In April, 1982, in a further attempt to satisfy their judgment, the Griers executed upon Jerry Boone's undivided one-half interest in five parcels of real property which was held in joint tenancy by Jerry and Cleone Boone. After these properties had been levied upon by the Yuma County Sheriff, the Boones brought this action against the sheriff and the Griers seeking damages for wrongful execution and reformation of the joint tenancy deeds to reflect title as community property.

This matter was tried first to the court on September 17, 1983 and resulted in a judgment in favor of the defendants on all counts. The Boones then filed a motion for new trial on grounds that they had been denied a jury trial. This motion was granted by the trial court and a jury trial was conducted on January 25, 1983. At the close of the Boones' case, the trial judge directed verdicts in favor of the defendants on all counts. The trial court also found that the evidence was clear and convincing that the claims asserted by the Boones were made for the purpose of harassment, were groundless and not made in good faith and accordingly assessed attorney's fees against the Boones in the amount of $2,500 pursuant to A.R.S. § 12-341.01(C). The Boones filed a timely notice of appeal from the judgment.

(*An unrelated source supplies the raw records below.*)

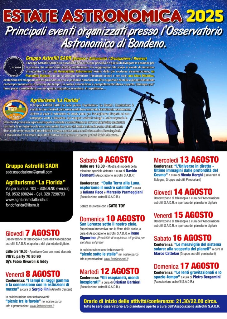 Dal 7 al 17 agosto, ti aspetta una settimana indimenticabile insieme all’Associazione Astrofili S.A.D.R. presso l’Osservatorio Astronomico Euno “Neno” Borsatti di Bondeno all’interno del suggestivo parco dell’Agriturismo La Florida che offre un’atmosfera magica e conviviale. Unisciti a noi in un’esperienza unica che unisce la bellezza del cielo stellato con i piaceri della buona cucina.
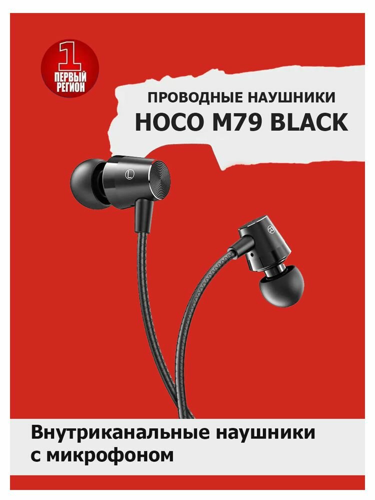 Hoco Наушники Hoco M79, проводные, вакуумные, микрофон, Jack 3.5 мм, 1.2 м, черные
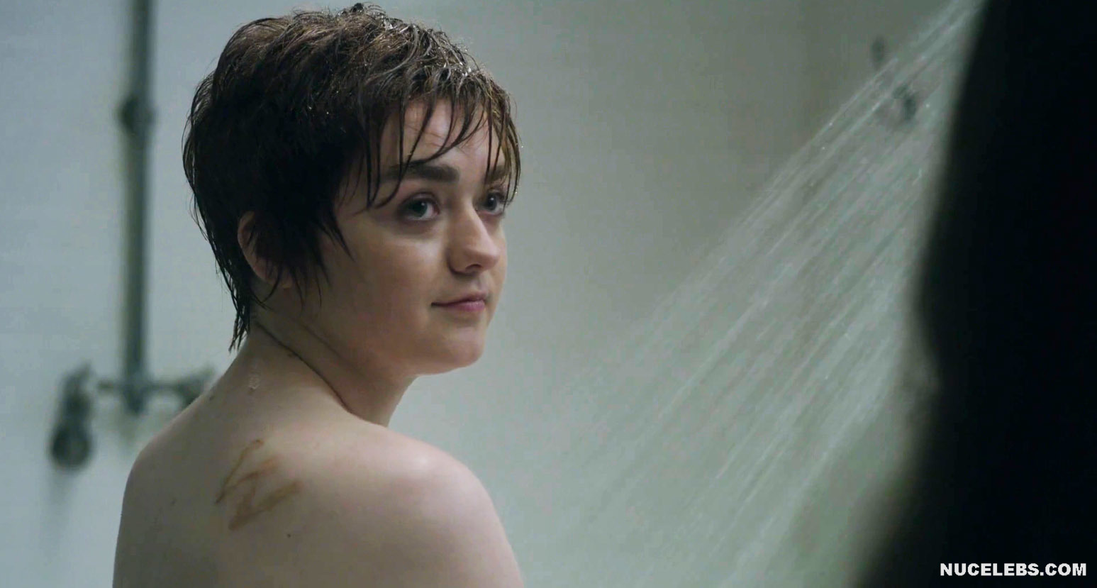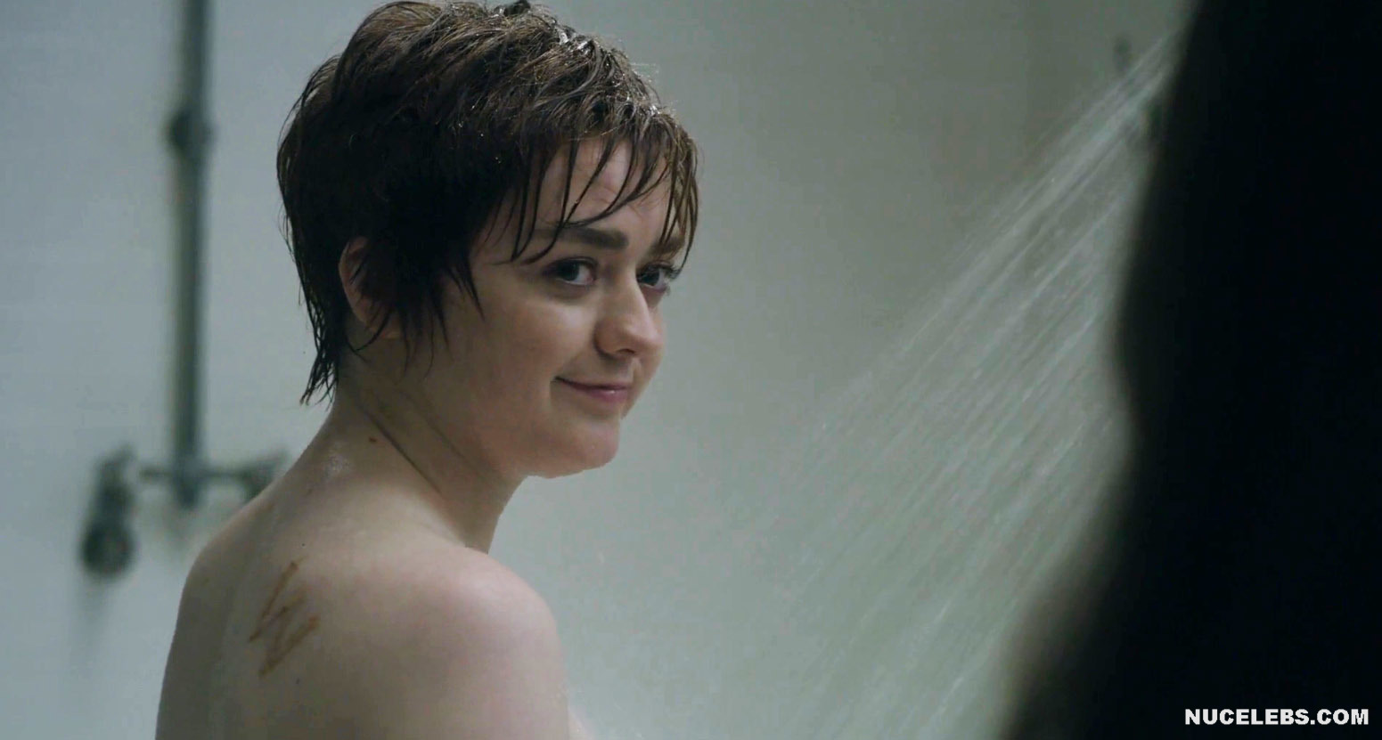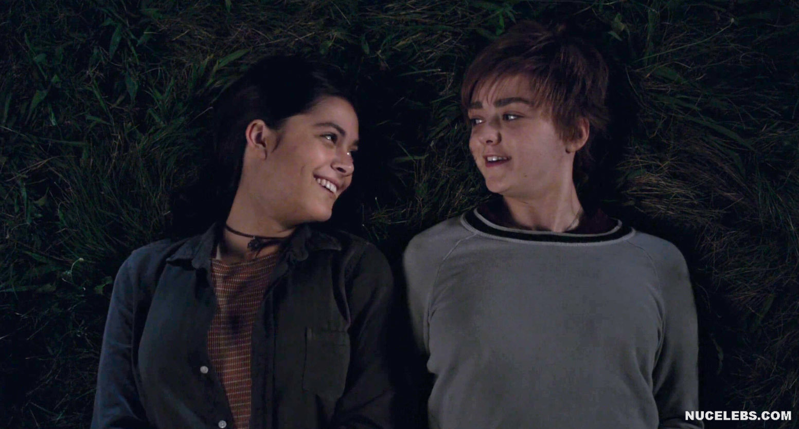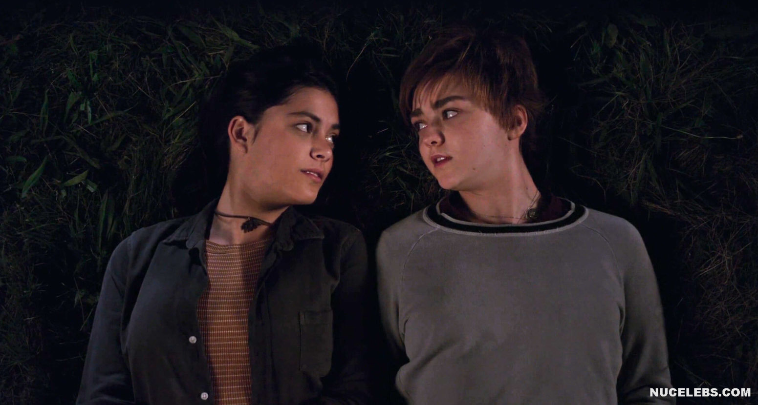 Maisie Williams and Blu Hunt appeared nude in some movie scenes. Well, it looks like these naked sweet beauties decided to take a shower together for a reason. Indeed, in another scene, Maisie Williams and Blu Hunt, although they will not be nude, will still find something to attract your attention. For example, they will spark your imagination with a hot lesbian kiss as they lie on the grass and gaze at the stars.

The Boones' first argument on appeal is that the trial court erred in upholding the levy upon the real property in question because the Griers had not obtained a judgment lien on that property prior to execution. Assuming, for purposes of this argument, that a judgment lien had not been created, the Griers argue that there is no legal requirement that there be a judgment lien prior to execution pursuant to A.R.S. § 12-1553(1). We agree.

The Griers obtained a general writ of execution pursuant to A.R.S. § 12-1553 which provides in part:

A general execution shall state the amount of the judgment and costs and the amount due thereon, and shall require the officer:

1. If the execution is against the property of the judgment debtor, to satisfy the judgment, with interest, out of the personal property of the debtor, and if sufficient personal property cannot be found, then out of his real property.

2. If the judgment is a lien upon real property, then to satisfy the judgment out of the real property belonging to the judgment debtor on the day when the judgment became a lien or at any time thereafter, but if the execution is issued to a county or from the court of a county other than the one in which the judgment was given, on the day when the judgment was docketed in the office of the clerk of the superior court of such county.

Judgment liens are a separate and independent creditor's remedy which exist by virtue of A.R.S. § 33-961. 1 The Boones argue that A.R.S. § 12-1553 does not create two separate procedures for execution against real property based upon whether a judgment lien is in existence. They argue that such an interpretation would be inapposite to a substantial body of common law requiring creditors to seek redress against a debtor's personalty prior to real property as codified in A.R.S. § 12-1553(1). However, in Kaplan v. Reilly, 20 Ariz.App. 394, 513 P.2d 683 (1973), this court recognized that A.R.S. § 12-1553 does provide for two separate procedures, stating:

The Execution Debtor complains that he lost a substantial right when he was not afforded the opportunity to have the judgment satisfied out of his personal property before the sale of his realty as the officer conducting the sale is required to do under the provisions of A.R.S. § 12-1553, subsec. 1....

The provision above [subsec. 1] is not applicable to this case since the Execution Creditor had a prior judgment lien on the real property; A.R.S. § 12-1553, subsec. 2 governs....

Nowhere in subparagraph 2 does there appear any provision respecting personal property.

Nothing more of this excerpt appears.